Start of Block

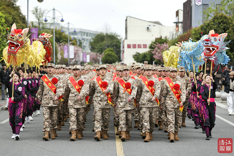 14时30分,在激情澎湃的舞龙、舞狮表演后,欢送仪式在四川文化艺术学院梓潼校区拉开帷幕,四川文化艺术学院梓潼校区的1000余名学生代表到场为新兵们送行。
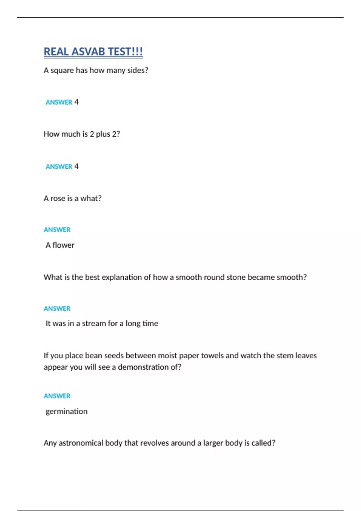 Real asvab test!!! 2024 UPDATED COMPLETE SOLUTION ( A+ GRADED 100% VERIFIED)
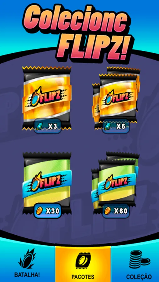 Batalhando você pode adquirir mais pacotes com diferentes raridades de Flipz, quanto mais você joga, mais você pode ter!

End of Block

### HOW TO COMPLETE THIS TASK
An exact repetition of the listing is needed, with the pictures dropped.

### THE COMPLETED TASK
 14时30分,在激情澎湃的舞龙、舞狮表演后,欢送仪式在四川文化艺术学院梓潼校区拉开帷幕,四川文化艺术学院梓潼校区的1000余名学生代表到场为新兵们送行。
 Real asvab test!!! 2024 UPDATED COMPLETE SOLUTION ( A+ GRADED 100% VERIFIED)
 Batalhando você pode adquirir mais pacotes com diferentes raridades de Flipz, quanto mais você joga, mais você pode ter!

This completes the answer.